Aren Cambre Aren Cambre - 3 months ago 15
SQL Question

Add number to rows based on identical values in selected columns

I have a PostgreSQL database that contains traffic tickets written by a few jurisdictions.

Some jurisdictions don't indicate if multiple tickets are written in one traffic stop. However, that can be inferred by analyzing other fields. Consider this data:

ticket_id timestamp drivers_license
----------------------------------------------
1 2008-08-07 01:51:00 11111111
2 2008-08-07 01:51:00 11111111
3 2008-08-07 02:02:00 22222222
4 2008-08-07 02:25:00 33333333
5 2008-08-07 04:23:00 44444444
6 2008-08-07 04:23:00 55555555
7 2008-08-07 04:23:00 44444444


I can infer that:


  • Tickets 1 & 2 were written in a single traffic stop because they share driver's license numbers and timestamps.

  • Same for 5 & 7, but notice how ticket 6 is between them. Perhaps another officer was writing a ticket at the same time somewhere else, or data entry operators entered stuff out of order.

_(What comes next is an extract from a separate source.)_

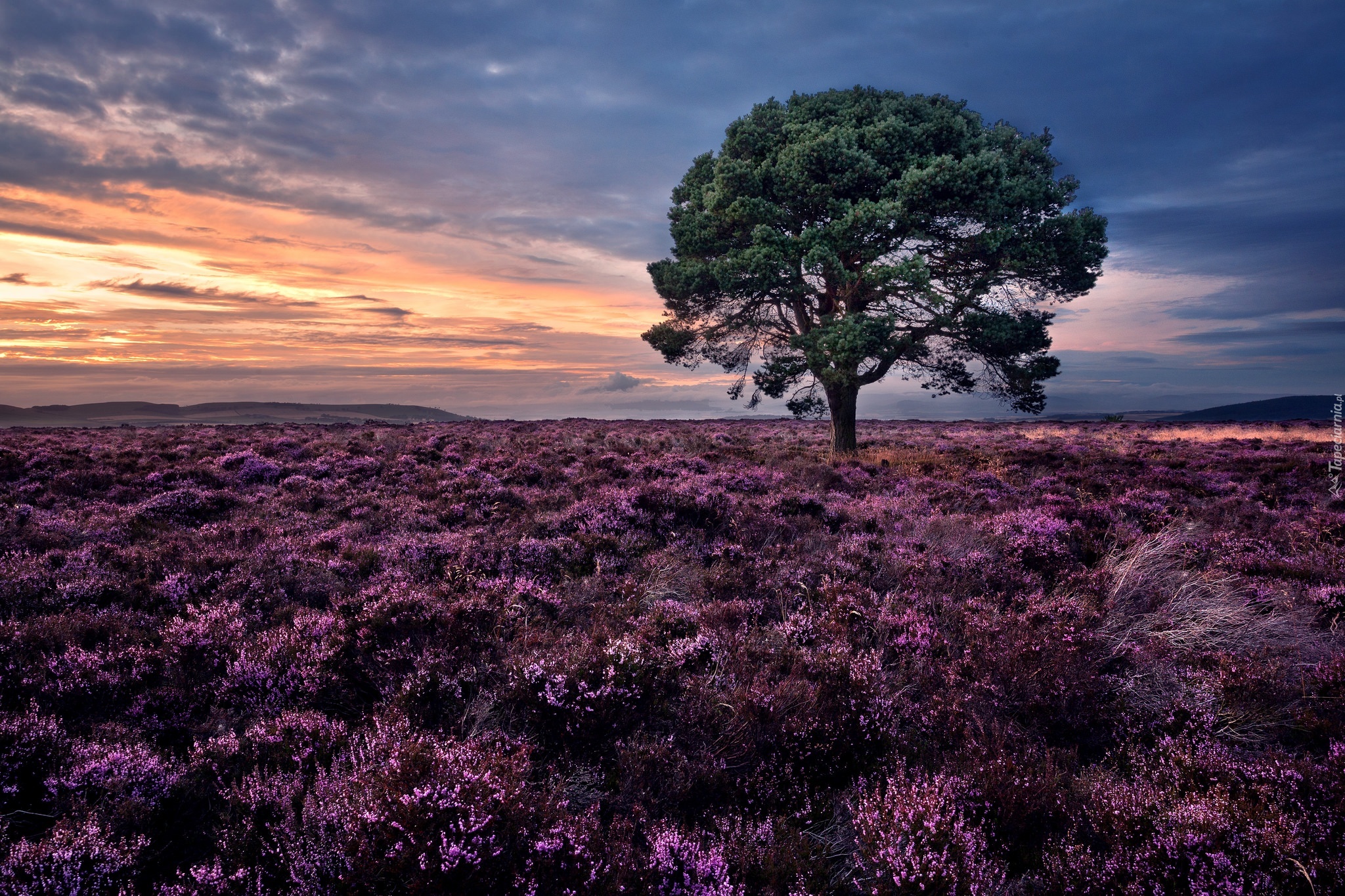 Edytor tapety: Drzewo, Wrzosowisko, Zachód Słońca

I would like to add another column that has a unique ID for each traffic stop. It will not be a primary key for the table because it will have duplicate values. For example:

ticket_id timestamp drivers_license stop_id
--------------------------------------------------------
1 2008-08-07 01:51:00 11111111 1
2 2008-08-07 01:51:00 11111111 1
3 2008-08-07 02:02:00 22222222 2
4 2008-08-07 02:25:00 33333333 3
5 2008-08-07 04:23:00 44444444 4
6 2008-08-07 04:23:00 55555555 5
7 2008-08-07 04:23:00 44444444 4


I can think of computationally-intensive, greedy algorithm ways of doing this with C#, but is there an efficient SQL query that can work?

Answer

Efficient SQL Query FTW!

I'm not at a computer that I can test this on so there is likely some syntax problems; I will fix in the morning, but it is something like this:

WITH uniquez as (SELECT timestamp, drivers_license, 
rank() over (ORDER BY timestamp, drivers_license) as counterz 
FROM ticketTable)

UPDATE ticketTable TT
SET stop_id = uniquez.counterz
WHERE uniquez.timestamp = TT.timestamp
AND uniquez.drivers_license = TT.drivers_license

Basically, you make a select that groups (partitions) by timestamp and drivers_license and have a row counter that goes with it. When you do the update, you use this previous select table's row counter as your "stop_id" and updates the columns that match the timestamp and drivers license.